● **Work instructions**
Reproduce only this stretch of the listing below: from the line with "24일 서울 외환시장에서" through the line with "Teknik olarak baktığımızda", exactly as written, with pictures excluded.

● **Data extract**
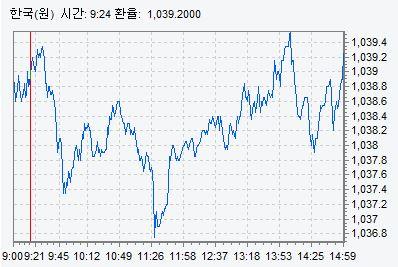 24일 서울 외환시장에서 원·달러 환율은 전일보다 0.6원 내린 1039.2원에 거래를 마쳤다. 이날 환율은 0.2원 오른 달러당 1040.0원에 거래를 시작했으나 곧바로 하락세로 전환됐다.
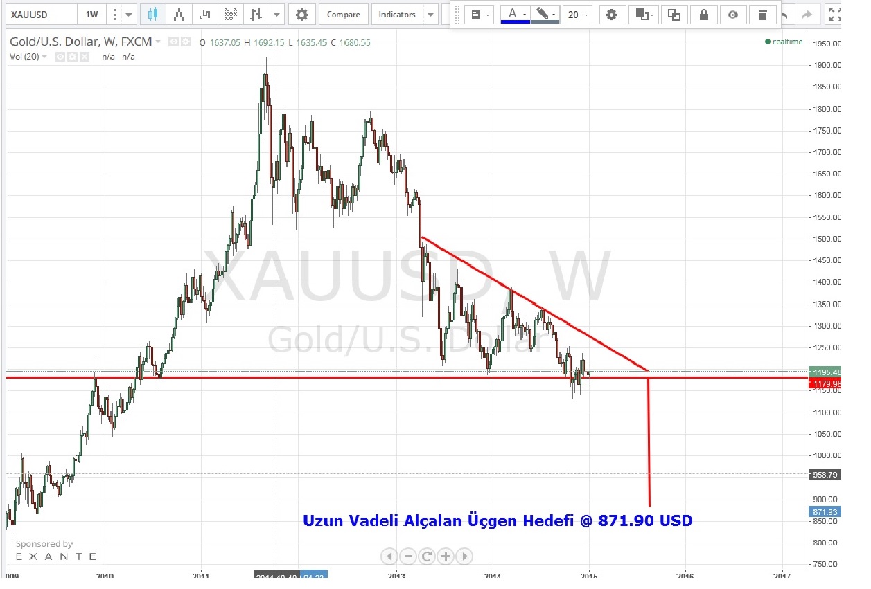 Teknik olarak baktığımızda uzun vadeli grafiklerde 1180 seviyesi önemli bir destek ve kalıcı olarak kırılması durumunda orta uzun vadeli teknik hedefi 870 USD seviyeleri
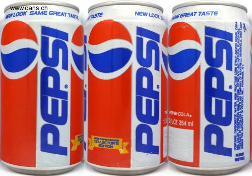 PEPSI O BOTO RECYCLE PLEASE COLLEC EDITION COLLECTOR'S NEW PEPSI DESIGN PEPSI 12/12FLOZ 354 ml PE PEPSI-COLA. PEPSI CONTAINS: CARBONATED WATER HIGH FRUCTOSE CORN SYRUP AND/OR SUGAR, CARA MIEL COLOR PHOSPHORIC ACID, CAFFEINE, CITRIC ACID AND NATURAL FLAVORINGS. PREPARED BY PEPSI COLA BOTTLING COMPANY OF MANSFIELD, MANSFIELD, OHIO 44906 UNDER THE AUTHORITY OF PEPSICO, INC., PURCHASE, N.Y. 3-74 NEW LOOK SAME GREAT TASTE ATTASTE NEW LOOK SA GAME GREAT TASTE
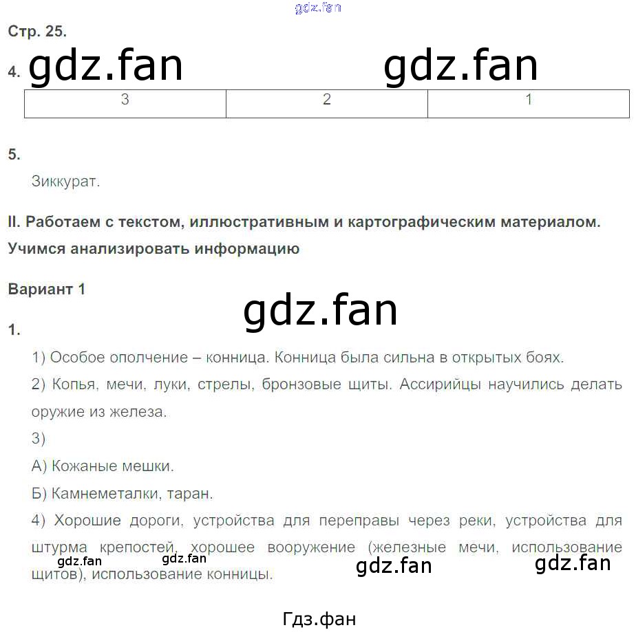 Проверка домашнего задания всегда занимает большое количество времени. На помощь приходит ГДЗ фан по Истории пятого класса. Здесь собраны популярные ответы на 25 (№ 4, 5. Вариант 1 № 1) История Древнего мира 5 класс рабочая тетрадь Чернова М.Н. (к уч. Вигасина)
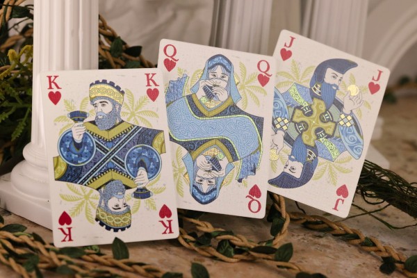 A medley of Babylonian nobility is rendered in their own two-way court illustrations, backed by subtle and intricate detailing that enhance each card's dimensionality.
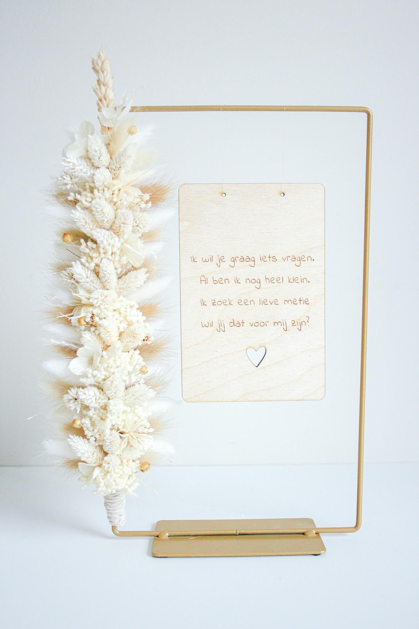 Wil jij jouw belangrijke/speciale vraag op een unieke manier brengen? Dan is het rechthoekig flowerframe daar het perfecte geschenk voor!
---
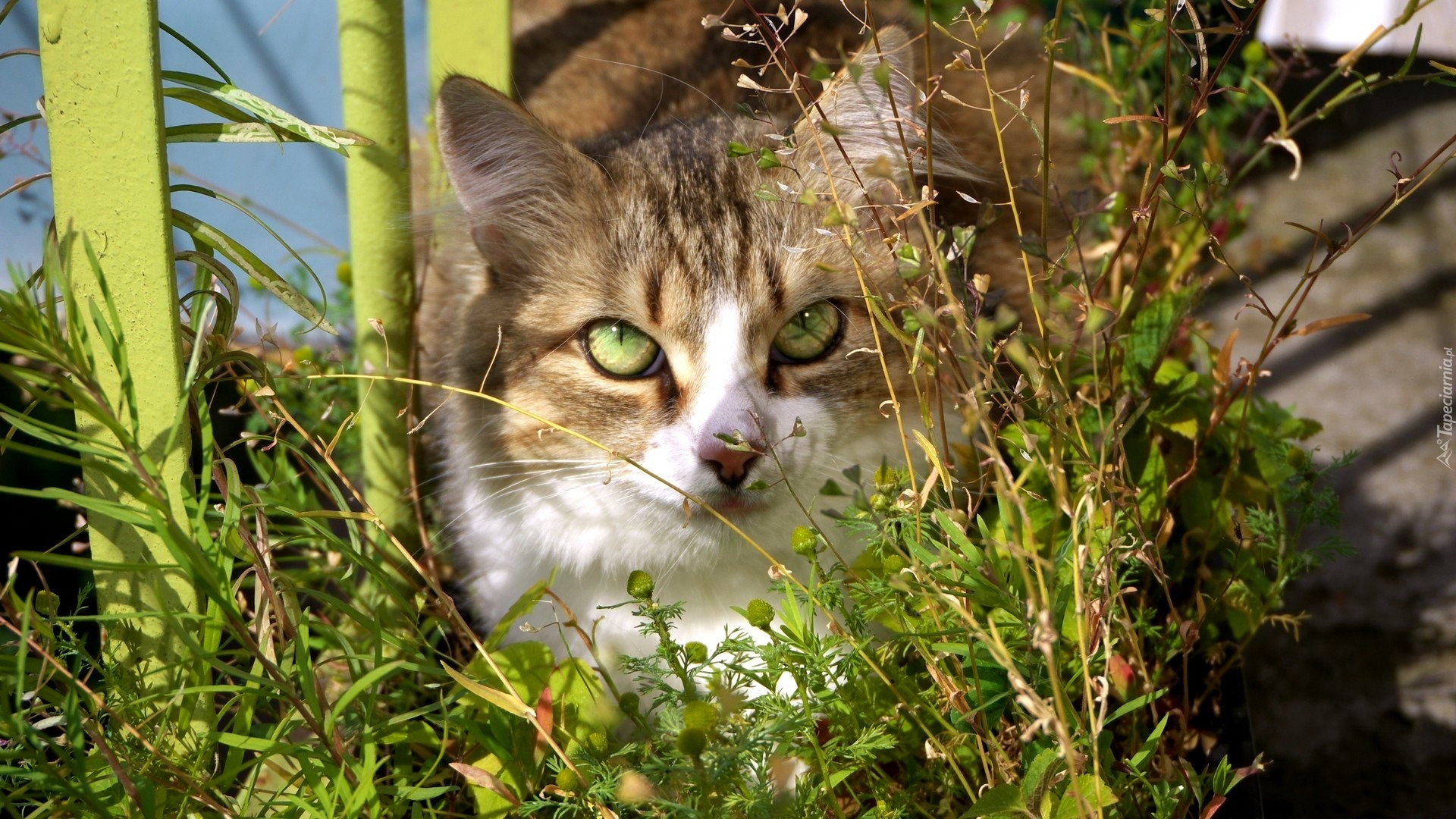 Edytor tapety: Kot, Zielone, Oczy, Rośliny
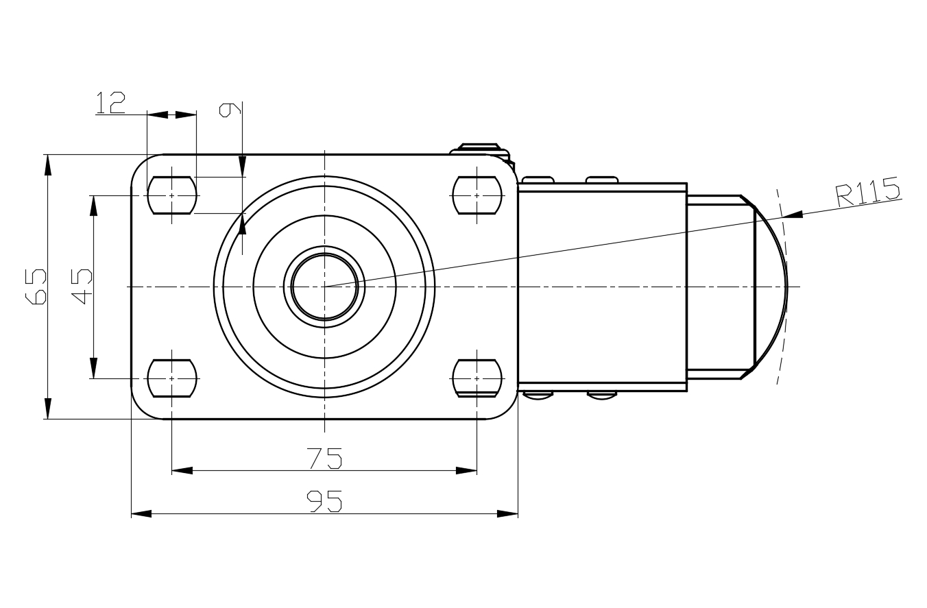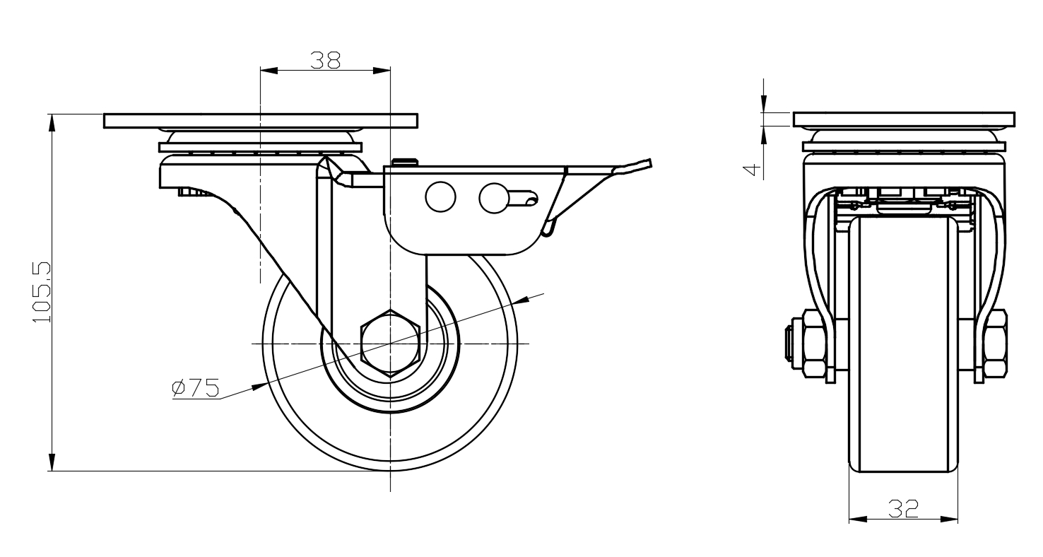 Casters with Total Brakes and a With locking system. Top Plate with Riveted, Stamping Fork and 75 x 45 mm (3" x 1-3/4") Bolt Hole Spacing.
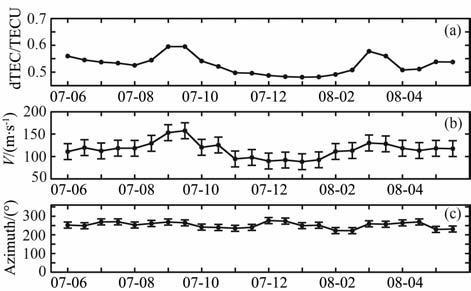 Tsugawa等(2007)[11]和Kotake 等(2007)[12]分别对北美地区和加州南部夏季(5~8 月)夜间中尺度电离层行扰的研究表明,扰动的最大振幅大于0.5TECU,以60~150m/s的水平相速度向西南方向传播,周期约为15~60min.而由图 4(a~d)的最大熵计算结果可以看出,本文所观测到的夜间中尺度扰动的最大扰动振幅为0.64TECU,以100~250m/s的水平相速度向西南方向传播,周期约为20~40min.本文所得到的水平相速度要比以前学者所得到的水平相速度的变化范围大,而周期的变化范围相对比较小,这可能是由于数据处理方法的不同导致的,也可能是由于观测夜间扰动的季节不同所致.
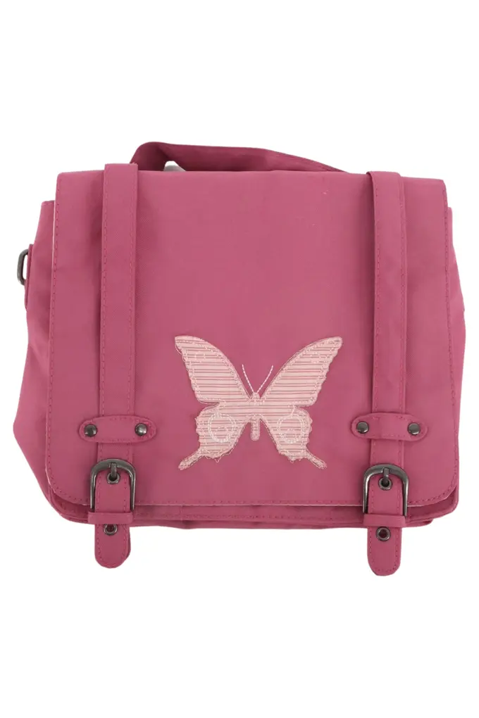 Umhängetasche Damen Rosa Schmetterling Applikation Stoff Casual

● **Result**
 24일 서울 외환시장에서 원·달러 환율은 전일보다 0.6원 내린 1039.2원에 거래를 마쳤다. 이날 환율은 0.2원 오른 달러당 1040.0원에 거래를 시작했으나 곧바로 하락세로 전환됐다.
 Teknik olarak baktığımızda uzun vadeli grafiklerde 1180 seviyesi önemli bir destek ve kalıcı olarak kırılması durumunda orta uzun vadeli teknik hedefi 870 USD seviyeleri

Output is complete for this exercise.